SS Maori scuba diving facts:
Scuba dive depth: 13 – 21m
Boat or shore: Boat
Minimum qualification: Advanced Open Water, and Wreck speciality for penetration
Possible night scuba dives? No
Additional equipment? Torch and 7mm wetsuit
Best time to scuba dive? October – May

Antipolis
Antipolis is a fairly new wreck, located opposite the Twelve Apostles Hotel in Oudekraal. Mainly salvaged, the remains lie on a rocky reef 20m from the coast line. Wreck dive points of interest include, the many crayfish that inhabit this site and the pump/boiler room that remains fairly intact and is large enough to swim through.

History of Antipolis
The tanker Antipolis was being towed by a tug with another tanker, the Romelia, from Greece to the Far East, via Cape Town, to be sold to scrap metal merchants. However, a North Westerly gale caused the line connecting the tankers to the tug to get caught on the sea bed and consequently snap, causing the Antipolis to run aground on the 28th July, 1977. Because of its proximity to shore, the wreck was converted into night club for the young, and people used to party on it. It even had its own bar! However when the wreck became too unstable it was closed down and later salvaged.

Antipolis scuba diving facts:
Scuba dive depth: 7 – 10 m
Boat or shore: Shore
Minimum qualification: Open Water
Possible night scuba dives? No
Additional equipment? N/A
Best time to scuba dive? May – October

SS Clan Stewart
The SS Clan Stewart is a wreck 100 m from Simons Town's shores at Makerel Bay in Cape Town. It contains various species of aquatic wildlife, making it an interesting wreck with the engine, boilers and shaft available for exploring! Just look out for some sharp iron edges. Some of the ship's features can be seen from the shore at low tide.

History of SS Clan Stewart
The British steamer vessel transporting a cargo load of coal ran aground on 21st November, 1914. The SS Clan Stewart weighing around 3.500 tons was blown to shore by a strong Cape South Easter, which even caused the vessel to drag its anchor all the way! Four months were spent trying to get the vessel to float again, but to no avail, it joined many other wrecks in Cape Town.

SS Clan Stewart scuba diving facts:
Scuba dive depth: 7 - 9 m
Boat or shore: Shore
Minimum qualification: Open Water
Possible night scuba dives? Yes
Additional equipment? Torch
Best time to scuba dive? May – October

Smitswinkel Bay Wrecks
In Smitswinkel Bay there are five wrecks that you can visit in one dive! These Wwecks include the SAS Transvaal, the MV Orotava, the MV Princess Elizabeth, the SAS Good Hope and the MV Rockeater.
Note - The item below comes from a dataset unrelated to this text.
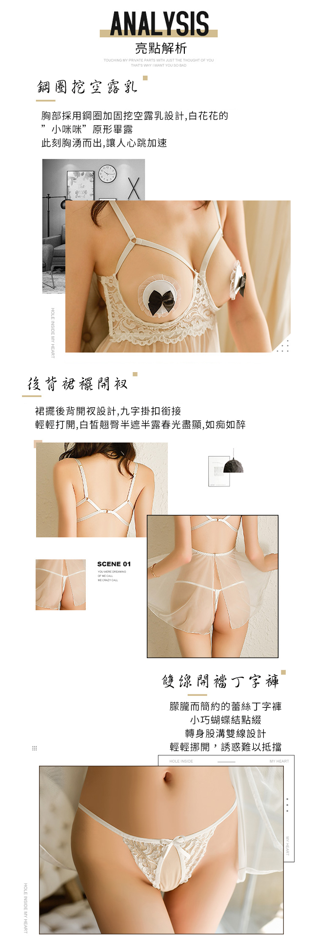 ►您現在的位置:首頁>情趣睡衣!鋼托露乳吊帶後開襟三件組 - 含乳貼﹝白﹞

The dive ranges over 400 m covering all 5 wrecks, starting at the SAS Transvaal to the MV Rockeater.

History of Smitswinkel Bay Wrecks
The SAS Transvaal was a Loch class freighter that was sent to the South African Navy in Cape Town for construction in the 1940’s. In 1978 the ship, now having been sold for scrap metal, was scuttled in order to form an artificial reef in Smitswinkel Bay.

The MV Orotava was a British vessel created in 1958. It was a steel trawler and was kindly donated to the False Bay Conservation Society. Donated along with it was the trawler the MV Princess Elizabeth, after being badly damaged in a fire. The two trawlers were scuttled in 1983.

The SAS Good Hope was also a Loch class freighter sent to the South African Navy for construction in the 1940’s along with the SAS Transvaal. It worked as a convoy escort at the end of the Second World War. Later, it was used as a flagship for the South African Navy until 1978, when it was sold for scrap metal and scuttled in 1978.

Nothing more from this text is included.